## Exercise directions
Every entry below should be transcribed exactly; pictures stay out of the copy.

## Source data

Content starts

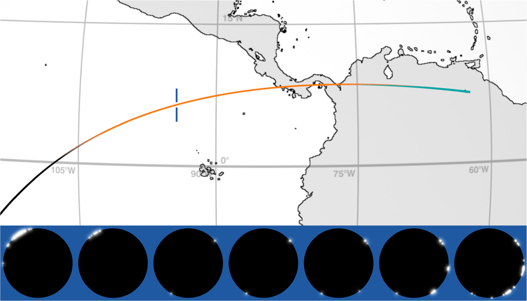 Figure 13. Top: the end of the very narrow shadow path for the 2005 April 8 hybrid eclipse. Moving from left to right, the shadow transitions from total (black) to broken annular (orange) and finally to annular (cyan). The broken annular part of the path is mapped using the criterion described in the text and assuming r☉ = 696,000 km. Bottom: simulation of Baily's beads at 1 s intervals from 21:55:26 to 21:55:32 UTC as viewed from 94.02587°W, 6.45677°N, the location marked on the map by a broken vertical line. Celestial north is up.
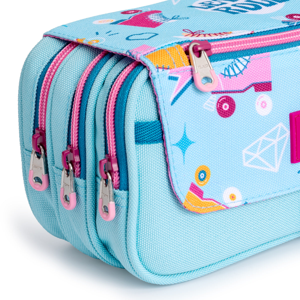 Estuche portatodo triple MILAN Roller 2, de amplios apartados y gran capacidad. Cuenta con 4 cremalleras, 3 principales y otra en la solapa una solapa exterior que incluye tirador de tela y cierre magnético de botón. Cierres de cremallera ancha y resistentes con tiradores metálicos con recubrimiento de goma para mayor confort.
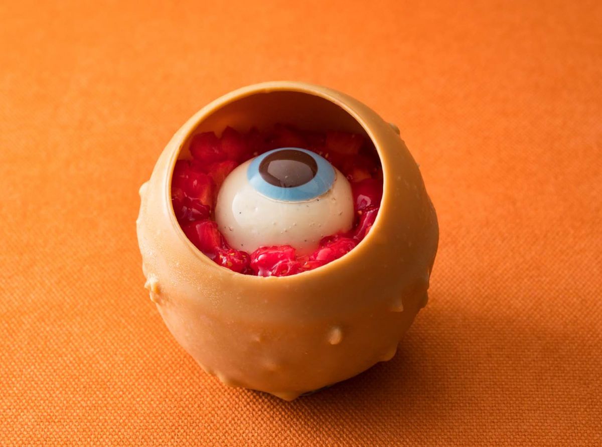 「イービルアイ」650円は、ギョロっとした目のモチーフがリアルなムースケーキ。ビスケットやキャラメルのような香ばしさと、ほのかな塩気が魅力のフランス産ブロンドチョコレートをたっぷりと使用しています。
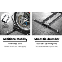 NOW $218.50Transport your motorcycle with confidence with the Giantz Motorcycle Carrier. With its 2'' hitch mount, the carrier is compatible with most hitch receivers. Featuring heavy-duty steel construction, the carrier can carry up to 227kg (500lbs) with minimum hassle. It is also designed to enable steady and firm transport with a close-fitting front tyre channel and front wheel chock. The front wheel chock can be adjusted with three available positions. It also comes with four extra tie-down points to better hold the motorcycle firmly in place while on the move. The loading ramp also enables easy up and down and be used either side. Not least, the carrier can also be used for cars with their tyres backed up onto the carrier.
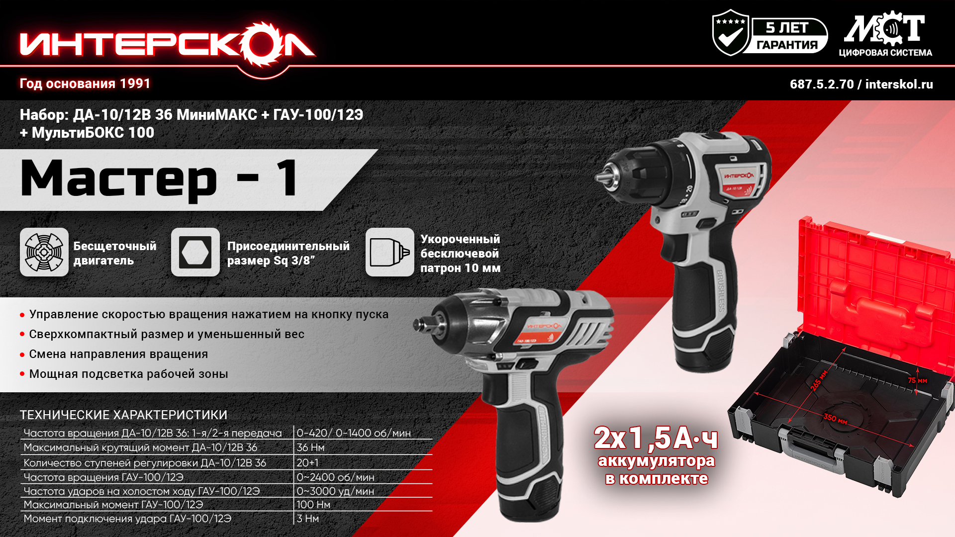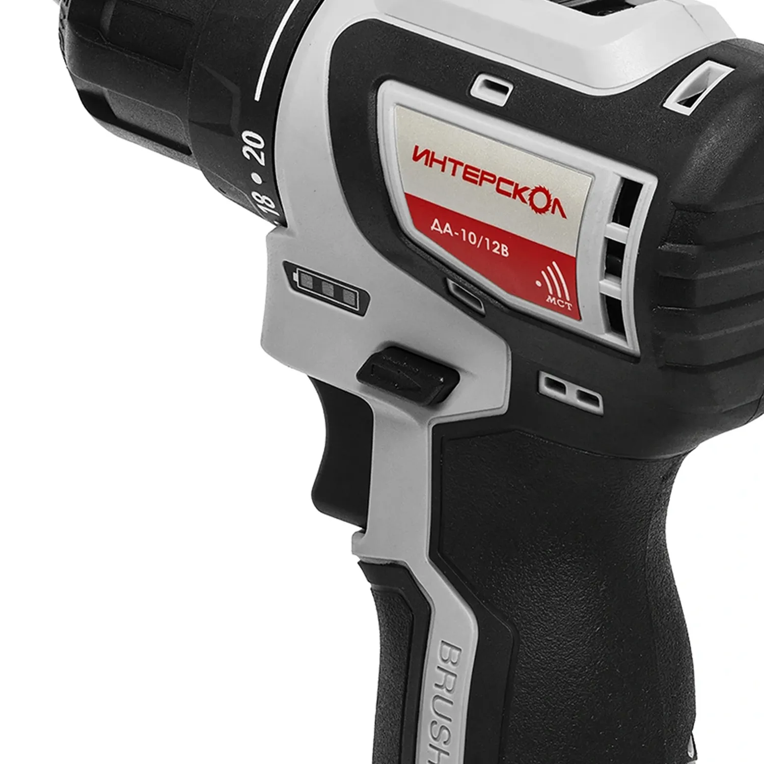 ИНТЕРСКОЛ ДА-10/12В 36 - профессиональная аккумуляторная двухскоростная дрель-шуруповерт, самая компактная в своем классе. Модель с бесщеточным (вентильным) двигателем оптимально сбалансирована по весу, размерам и мощности для больших объемов работ с крепежом, сверления отверстий и выполнения сопутствующих операций. Литийионная (Li-ion) аккумуляторная батарея туннельного типа обеспечивает компактность исполнения, малый вес и большой запас энергии.
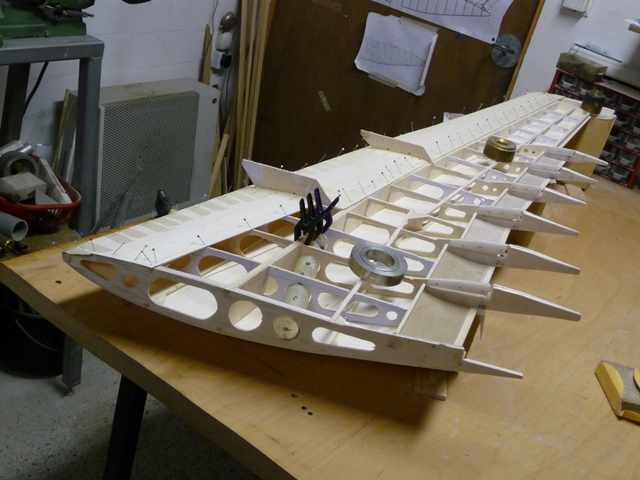 De bakboord vleugel op z'n kop en bijna klaar, nog zonder flaps en rolroer.
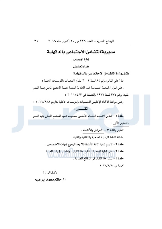 محافظات "التضامن" تقيد وتحل عددا من الجمعيات بالمحافظات الإثنين 10 أكتوبر 2016 - 03:49 م 10/10/2016 3:49:00 PM وزارة التضامن الاجتماعي - أرشيفية المصدر - خاص طباعة شارك نشرت الوقائع المصرية فى العدد رقم 226 الصادر في 10 اكتوبر 2016، قرارات مدريات التضامن الاجتماعي بالمحافظات بشأن قيد وحل وتعديل عدد من الجمعيات.لقراءة القرارات: طباعة شارك وزارة التضامن الاجتماعى الوقائع المصرية الجمعيات الأهلية تابع المصدر علي جوجل نيوز تطبيق نبض
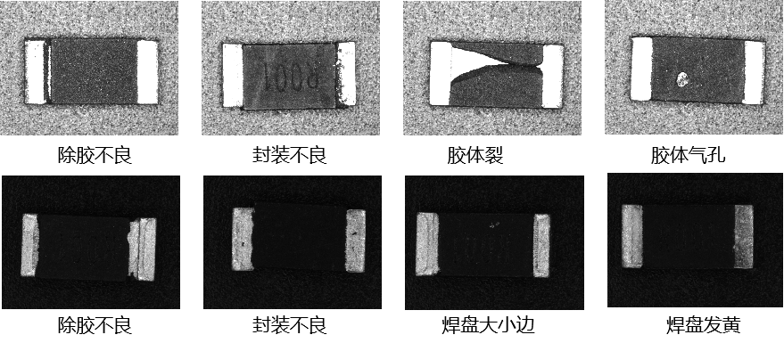 貼片電阻視覺檢測系統用于整片貼片電阻在切割前的外觀檢測,主要檢測電阻正反面是否有除膠不良、膠裂、膠體、氣孔等。適用于點膠前及點膠后的各種類型檢測。 采用MVS的自動分割、批量復制功能,易學易用。
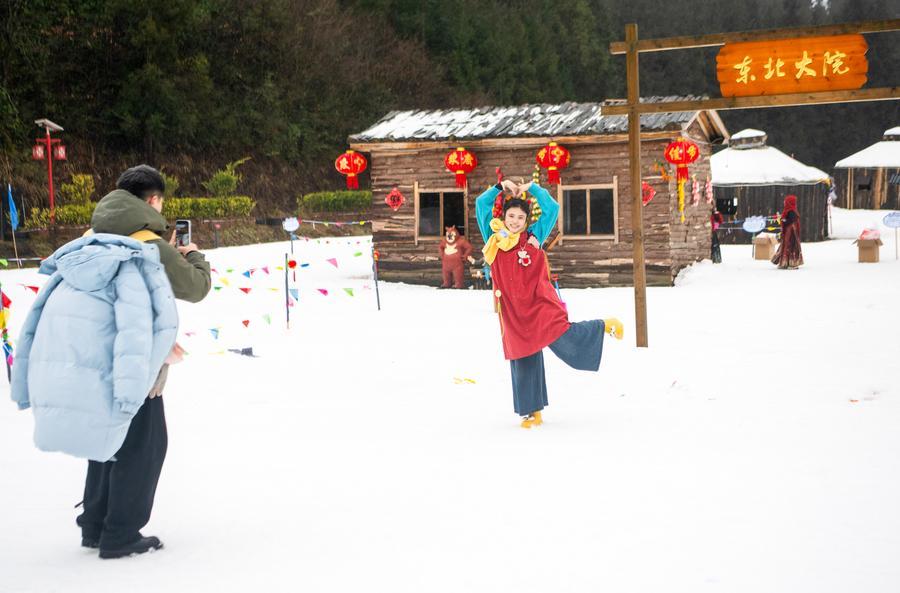30日、氷雪カーニバルイベントでダンス動画を撮影する観光客。(重慶=新華社記者/唐奕)
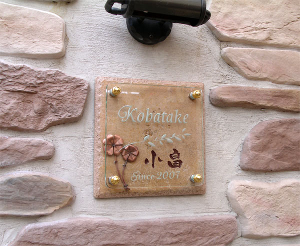 今回は色々とありがとうございました。 待ちに待った表札です。予想以上に可愛くて家のイメージにピッタリです。 表札は色々と悩みましたが、ありきたりではなく、また自然で、家に馴染むような物を探していたので、ヒロノさんのHPを見たときは「これだっ!」と主人と共に一目惚れ状態でした。主人はガラス、私はタイルと銅が使いたかったので、これで夫婦共に大満足です♪しかもこんなに可愛いデザインですし! 一生大事に使わせて頂きます。 本当にありがとうございました。 返信
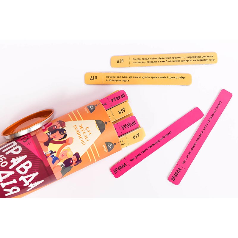 «Правда чи Дія: для веселої компанії» — це класний спосіб урізноманітнити будь-яку вечірку! Вдома, в барі чи на природі — з цією грою сумувати не доведеться.
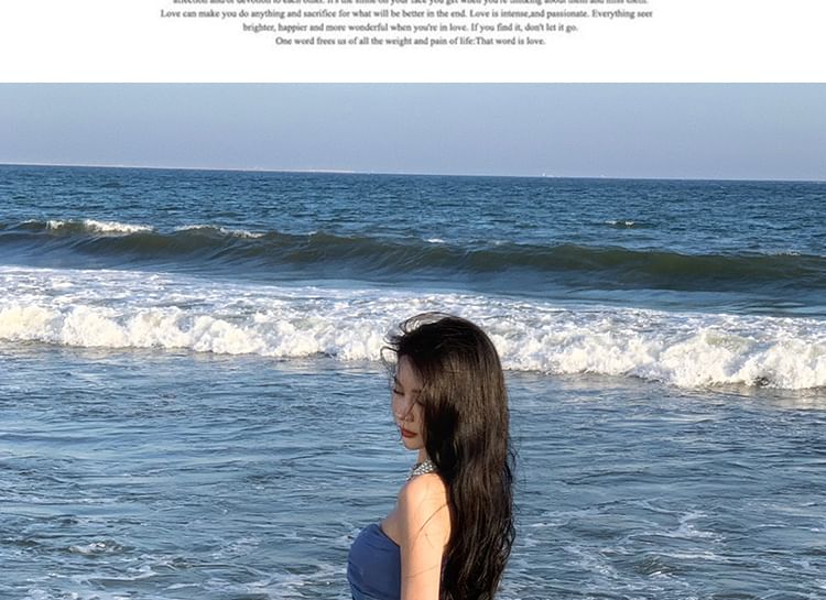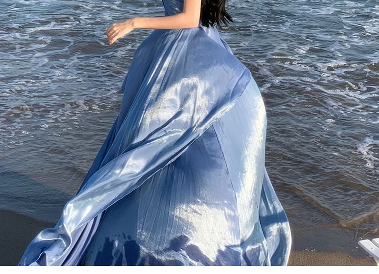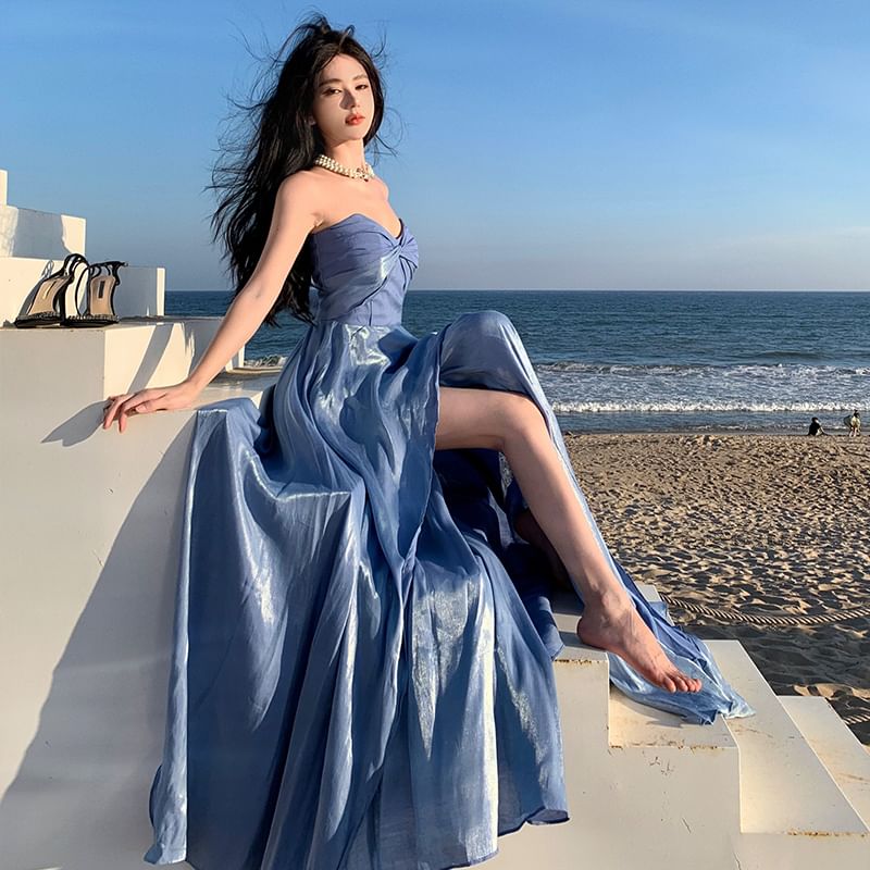Strapless Sweetheart Neckline Plain Asymmetrical Layered Slit Maxi A

Content ends

## Response to the exercise
 Figure 13. Top: the end of the very narrow shadow path for the 2005 April 8 hybrid eclipse. Moving from left to right, the shadow transitions from total (black) to broken annular (orange) and finally to annular (cyan). The broken annular part of the path is mapped using the criterion described in the text and assuming r☉ = 696,000 km. Bottom: simulation of Baily's beads at 1 s intervals from 21:55:26 to 21:55:32 UTC as viewed from 94.02587°W, 6.45677°N, the location marked on the map by a broken vertical line. Celestial north is up.
 Estuche portatodo triple MILAN Roller 2, de amplios apartados y gran capacidad. Cuenta con 4 cremalleras, 3 principales y otra en la solapa una solapa exterior que incluye tirador de tela y cierre magnético de botón. Cierres de cremallera ancha y resistentes con tiradores metálicos con recubrimiento de goma para mayor confort.
 「イービルアイ」650円は、ギョロっとした目のモチーフがリアルなムースケーキ。ビスケットやキャラメルのような香ばしさと、ほのかな塩気が魅力のフランス産ブロンドチョコレートをたっぷりと使用しています。
 NOW $218.50Transport your motorcycle with confidence with the Giantz Motorcycle Carrier. With its 2'' hitch mount, the carrier is compatible with most hitch receivers. Featuring heavy-duty steel construction, the carrier can carry up to 227kg (500lbs) with minimum hassle. It is also designed to enable steady and firm transport with a close-fitting front tyre channel and front wheel chock. The front wheel chock can be adjusted with three available positions. It also comes with four extra tie-down points to better hold the motorcycle firmly in place while on the move. The loading ramp also enables easy up and down and be used either side. Not least, the carrier can also be used for cars with their tyres backed up onto the carrier.
 ИНТЕРСКОЛ ДА-10/12В 36 - профессиональная аккумуляторная двухскоростная дрель-шуруповерт, самая компактная в своем классе. Модель с бесщеточным (вентильным) двигателем оптимально сбалансирована по весу, размерам и мощности для больших объемов работ с крепежом, сверления отверстий и выполнения сопутствующих операций. Литийионная (Li-ion) аккумуляторная батарея туннельного типа обеспечивает компактность исполнения, малый вес и большой запас энергии.
 De bakboord vleugel op z'n kop en bijna klaar, nog zonder flaps en rolroer.
 محافظات "التضامن" تقيد وتحل عددا من الجمعيات بالمحافظات الإثنين 10 أكتوبر 2016 - 03:49 م 10/10/2016 3:49:00 PM وزارة التضامن الاجتماعي - أرشيفية المصدر - خاص طباعة شارك نشرت الوقائع المصرية فى العدد رقم 226 الصادر في 10 اكتوبر 2016، قرارات مدريات التضامن الاجتماعي بالمحافظات بشأن قيد وحل وتعديل عدد من الجمعيات.لقراءة القرارات: طباعة شارك وزارة التضامن الاجتماعى الوقائع المصرية الجمعيات الأهلية تابع المصدر علي جوجل نيوز تطبيق نبض
 貼片電阻視覺檢測系統用于整片貼片電阻在切割前的外觀檢測,主要檢測電阻正反面是否有除膠不良、膠裂、膠體、氣孔等。適用于點膠前及點膠后的各種類型檢測。 采用MVS的自動分割、批量復制功能,易學易用。
30日、氷雪カーニバルイベントでダンス動画を撮影する観光客。(重慶=新華社記者/唐奕)
 今回は色々とありがとうございました。 待ちに待った表札です。予想以上に可愛くて家のイメージにピッタリです。 表札は色々と悩みましたが、ありきたりではなく、また自然で、家に馴染むような物を探していたので、ヒロノさんのHPを見たときは「これだっ!」と主人と共に一目惚れ状態でした。主人はガラス、私はタイルと銅が使いたかったので、これで夫婦共に大満足です♪しかもこんなに可愛いデザインですし! 一生大事に使わせて頂きます。 本当にありがとうございました。 返信
 «Правда чи Дія: для веселої компанії» — це класний спосіб урізноманітнити будь-яку вечірку! Вдома, в барі чи на природі — з цією грою сумувати не доведеться.
Strapless Sweetheart Neckline Plain Asymmetrical Layered Slit Maxi A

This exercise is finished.